Собственно, происходило следующее: некое известное литературное произведение, лучше — классическое, подвергалось зверскому надругательству. Сюжет в общих чертах оставался, но на него накручивались подробности редакционной жизни. В результате, что бы ни ставили — «Горе от ума» или «Бесприданницу», «Трех поросят» или «Маугли», — речь всегда шла о жизни редакции в уходящем году.

В этот раз, как явствовало из программки, публике собирались предложить «Трех мушкетеров».

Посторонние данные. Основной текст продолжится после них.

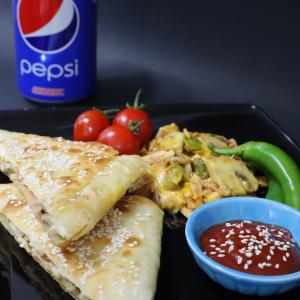 سیب زمینی+گوشت چرخ کرده طعم دار شده+قارچ+پنیر پیتزا+چیپس+فلفل دلمه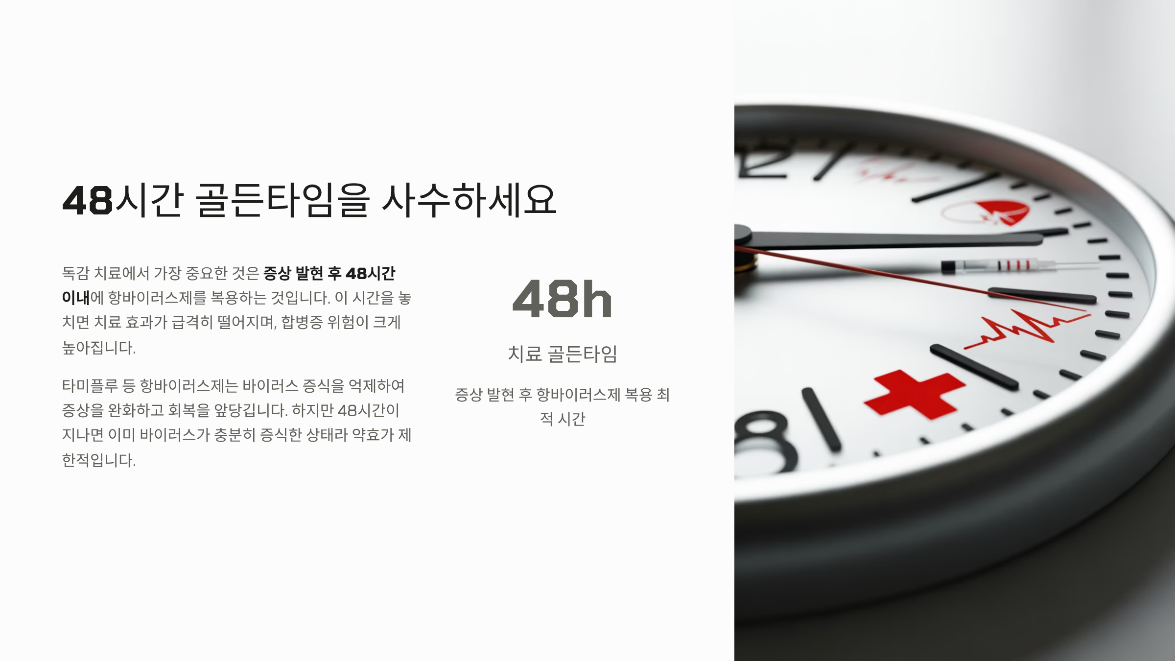 - 48시간 골든타임의 중요성: 독감 치료제인 항바이러스제는 증상이 시작된 지 48시간이 지나면 치료 효과가 급격히 떨어집니다. 따라서 증상이 의심되면 지체 없이 병원을 방문하여 검사를 받아야 합니다.

Предполагалось, что под образом Миледи будет скрываться единственная женщина среди членов редколлегии «Новостей» — Ольга Митрохина, действительно умелая интриганка и завистливая дрянь; а под маской Ришелье — ответственный секретарь Михаил Матросов, действительно человек хитрый и неглупый. Спорили о том, в каком образе предстанет перед публикой главный редактор — короля Франции или Д’Артаньяна. Большинство склонялось к последнему, потому что был известен исполнитель роли лошади Д’Артаньяна — обладатель широченной, на пол-лица, белозубой улыбки Игорь Суханов из отдела проблем молодежи. Самого Д’Артаньяна должен был играть курьер Эрик Мухин, поскольку росточка он был маленького, комплекции хлипкой (в точности как нынешний главный редактор «Новостей») и легко размещался на спине Суханова, не причиняя ей никакого вреда. Распределение остальных ролей держалось в строгом секрете.

Особую пикантность мероприятию должен был придать официальный язык сценического действа, а именно украинский. Точнее, околоукраинский. В этом тоже был глубокий издевательский смысл: одним из последних проектов «Новостей» стало издание газеты в Киеве на украинском, соответственно, языке. Ходили слухи, что, когда корреспонденты «Новостей» читали свои статьи, переведенные на братский язык, они в прямом смысле слова заливались слезами, причем истерический хохот нередко сопровождался тяжкими стонами и проклятиями в адрес тех, кто все это придумал. В редакции стало модно цитировать друг друга в украинском исполнении, и лидировал в списке цитируемых «перлов» отдел рекламы.

— Представляешь, — жаловалась мне вчера Зоя Векшина — зав. отделом рекламы в «Новостях», — сегодня прилепили мне к двери очередную гадость из прошлого номера. У нас там шла реклама глицеринового мыла, ну и, естественно, давили на то, что кожа после него становится якобы очень мягкой. Сегодня прихожу — на двери огромными буквами: «Ой, моя шкирка така гладЕнька!» Ну не гады? Боюсь, и на «капустнике» мне больше всех достанется. Там есть такое местечко, я подсмотрела, когда д’Артаньян сочиняет рекламный ролик про свою фирму — ЗАО «Три мушкетера», специализирующуюся на заказных убийствах, постановочных драках на банкетах и уличном хулиганстве. Точнее, «Тры мушкетэра». Кровожадная реклама — ужас! Казнят Миледи, отрубают ей голову, а тут появляется Ришелье и спрашивает: «А шо то у тэбэ з головой?» А она, точнее, не она, а то, что от нее осталось, ответить не может, зато вперед выходит Атос, растерянно так оглядывается и говорит: «Ё-моё, шо ж я зделав?»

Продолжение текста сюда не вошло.